[Start of Attachment]
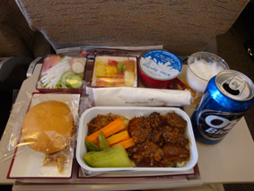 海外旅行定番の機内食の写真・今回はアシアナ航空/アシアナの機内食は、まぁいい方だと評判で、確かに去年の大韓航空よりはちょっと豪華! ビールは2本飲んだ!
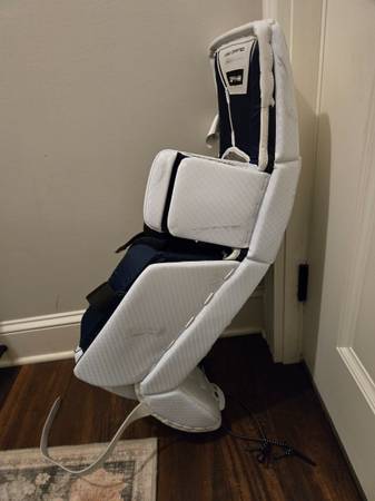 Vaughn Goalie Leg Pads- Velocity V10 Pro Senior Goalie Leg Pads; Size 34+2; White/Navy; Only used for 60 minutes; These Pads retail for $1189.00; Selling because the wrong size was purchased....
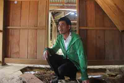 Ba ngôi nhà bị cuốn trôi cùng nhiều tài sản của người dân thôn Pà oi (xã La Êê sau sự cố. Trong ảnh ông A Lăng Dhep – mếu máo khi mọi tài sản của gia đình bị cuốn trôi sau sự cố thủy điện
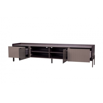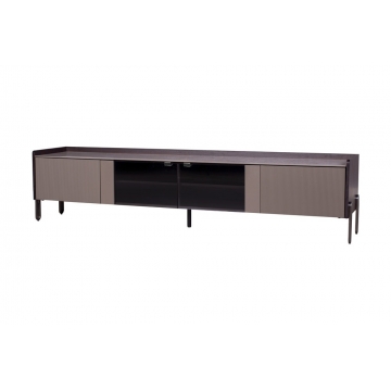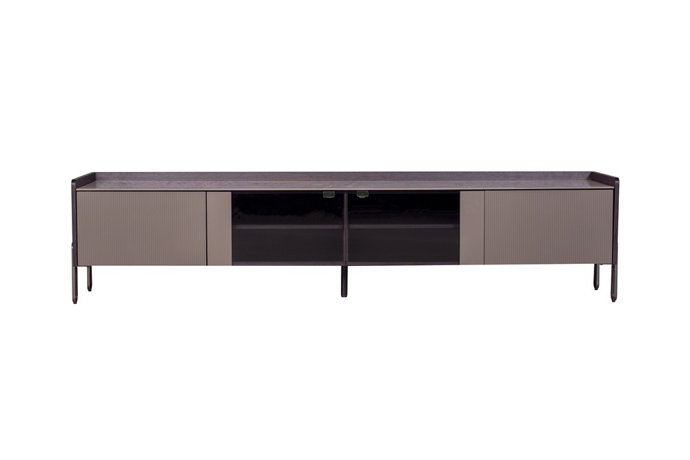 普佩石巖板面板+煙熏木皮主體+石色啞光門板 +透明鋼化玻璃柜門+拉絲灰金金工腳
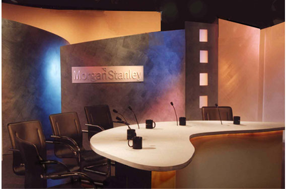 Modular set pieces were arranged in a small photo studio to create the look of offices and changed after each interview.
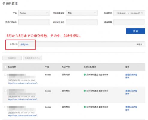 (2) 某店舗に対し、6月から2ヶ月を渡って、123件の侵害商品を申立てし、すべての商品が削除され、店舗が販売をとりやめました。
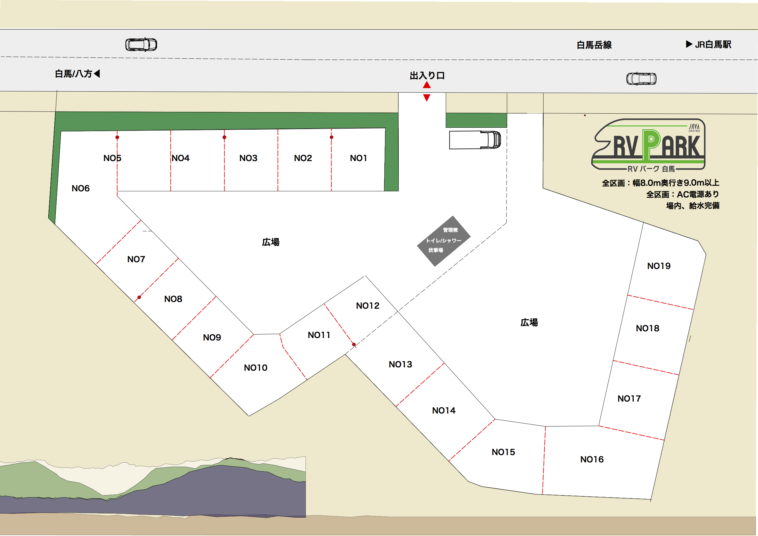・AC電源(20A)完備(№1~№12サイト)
[End of Attachment]
- _ACTIVITY_
Give the records above again verbatim, pictures omitted.

- _ANSWER_
 海外旅行定番の機内食の写真・今回はアシアナ航空/アシアナの機内食は、まぁいい方だと評判で、確かに去年の大韓航空よりはちょっと豪華! ビールは2本飲んだ!
 Vaughn Goalie Leg Pads- Velocity V10 Pro Senior Goalie Leg Pads; Size 34+2; White/Navy; Only used for 60 minutes; These Pads retail for $1189.00; Selling because the wrong size was purchased....
 Ba ngôi nhà bị cuốn trôi cùng nhiều tài sản của người dân thôn Pà oi (xã La Êê sau sự cố. Trong ảnh ông A Lăng Dhep – mếu máo khi mọi tài sản của gia đình bị cuốn trôi sau sự cố thủy điện
 普佩石巖板面板+煙熏木皮主體+石色啞光門板 +透明鋼化玻璃柜門+拉絲灰金金工腳
 Modular set pieces were arranged in a small photo studio to create the look of offices and changed after each interview.
 (2) 某店舗に対し、6月から2ヶ月を渡って、123件の侵害商品を申立てし、すべての商品が削除され、店舗が販売をとりやめました。
・AC電源(20A)完備(№1~№12サイト)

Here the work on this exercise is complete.